During a two to three year period, a Midwestern entrepreneur had been interested in filing a patent on an innovative new product. As a home-based business man, much of his product development and marketing strategies were accomplished through contact with several dozen product development attorneys and other business advisors over his home and office telephones. When requested to provide the original telephone tape recordings, he claimed they had been inadvertently misplaced but that he had made copies of the relevant conversations which he later surrendered for forensic analysis. Although unsuccessful in ever examining the original tapes, I did have two copies of each of the original tapes. The original recorders were described as Radio Shack type portable machines together with a telephone interface device and two consumer brand high speed dubbing cassette recorders which purportedly were used in the selective dubbing of individual telephone conversations from the original tapes.

During review of ten composite copy tape conversations, it became apparent through both aural and spectrographic/waveform analysis, that there existed a number of suspicious record events (i.e. “anomalies”) which deserved further instrumental attention. A KAY Digital Spectrograph Model 5500 was used for the bulk of the analysis. As the original tapes were not available, magnetic development was not deemed appropriate and therefore traditional digital waveform/spectrographic techniques were utilized in the examination process.

Before displaying examples of the computer-related edited phenomena, it may prove beneficial to review the traditional analog anomalies often associated with falsification of recordings. These include:

1. Deletion: the elimination of words or sounds by stopping the tape and over-recording unwanted areas.

2. Obscuration: the mixing in of sounds of amplitude sufficient to mask waveform patterns which originally would show stop/starts in inappropriate places.

3. Transformation: the rearranging of words to change content or context.

4. Synthesis: the adding of words or sounds by artificial means or impersonation.

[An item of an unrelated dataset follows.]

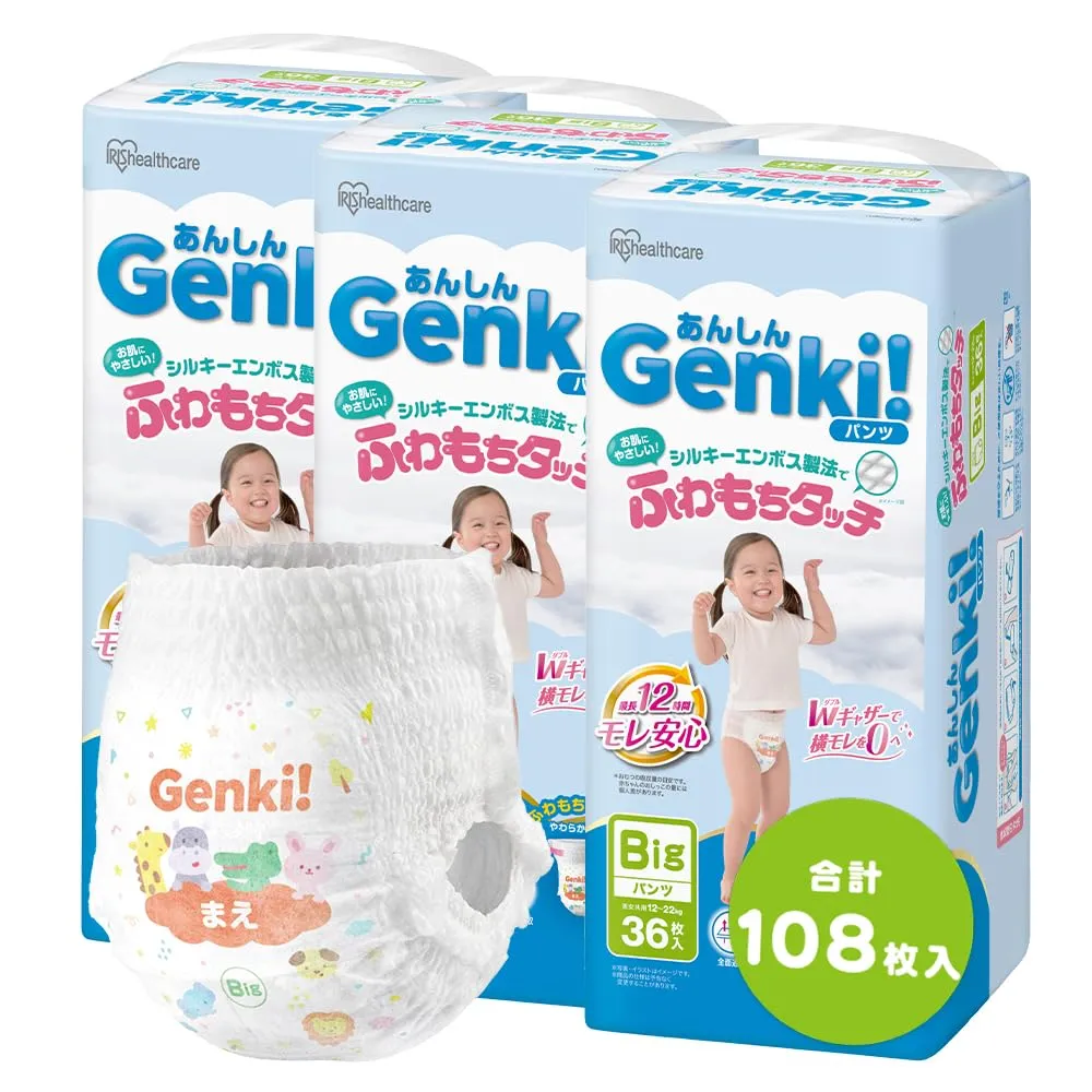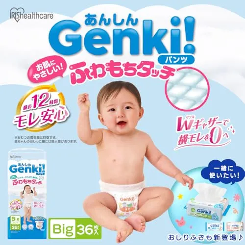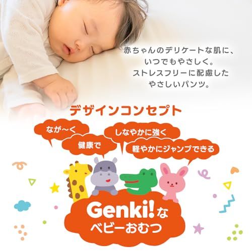 あんしん“Genki!パンツ”。赤ちゃんのデリケートな肌に、いつでもやさしく。ストレスフリーに配慮したやさしいパンツ。ベビーおむつ。

Anomalies often times include the following phenomena:

1. Gaps: segments in a recording which represent unexplained changes in content or context.

2. Transients: short, abrupt sounds exemplified by clicks, pops, etc.

3. Fades: gradual loss of volume.

4. Equipment Sounds: context inconsistencies caused by the recording equipment (such as hum, static, and varying pitches).

5. Extraneous voices: background voices which at times appear to be as near as the primary voice or can even mask the primary voice. (1)

Modern day technology and the development of the DSP chip have greatly complicated the issue of tape tampering detection and further increases the likelihood

that altered tapes can escape detection. The Federal Bureau of Investigation Signal Analysis Branch has already acknowledged, “it is difficult to detect some alterations when a recording is digitized onto a computer system, physically or electronically edited and recopied onto another tape. (2) Recently there have been at least 20 different manufacturers of desktop computer editing workstations or digital recorders which can be used as “turn key” editing systems. Software related computer cards can transform a personal computer into a sophisticated digital audio editing machine. Some of the systems do require that the initial conversion of the analog format be accomplished by a digital audio recorder before accessing the computer hardware.(3)

Digitization of speech can sometimes leave discernable artifacts, especially “aliasing” effects. This phenomena of digitizing the speech signal involves two distinctive processes known as Sampling and Quantizing, which are the true core of the digital recording process. Speech digitization requires filtering by an appropriate low pass filter which should remove any high frequencies that are beyond the sampling rate of the equipment. The sampling process refers to the transforming of the low-filtered electronic waveform into many thousands of small units of time. Each of these time units are later quantized with respect to its respective amplitude.

The Nyquist Theorem, however, requires that the sampling frequency be twice as high as the highest frequency converted into digital format. If this theorem is not followed, an undesirable effect known as Aliasing occurs.(4) High frequency changes in amplitude are not properly encoded, leaving some information lost and occasionally new erroneous signals are generated. “If the throughput frequency is greater than one-half the sampling frequency, aliasing inevitably occurs.”(5) For example if S is the sampling rate and F is a higher frequency than one-half the sampling rate and N is an integer, a new sample frequency, Fa is also created at Fa = ± NS ± F. Therefore, if S equals 44 KHZ and we sampled at 36 KHZ, another sample frequency would occur at 8 KHZ. If we sample at 40 KHZ, a 4 KHZ aliasing signal would occur. (6)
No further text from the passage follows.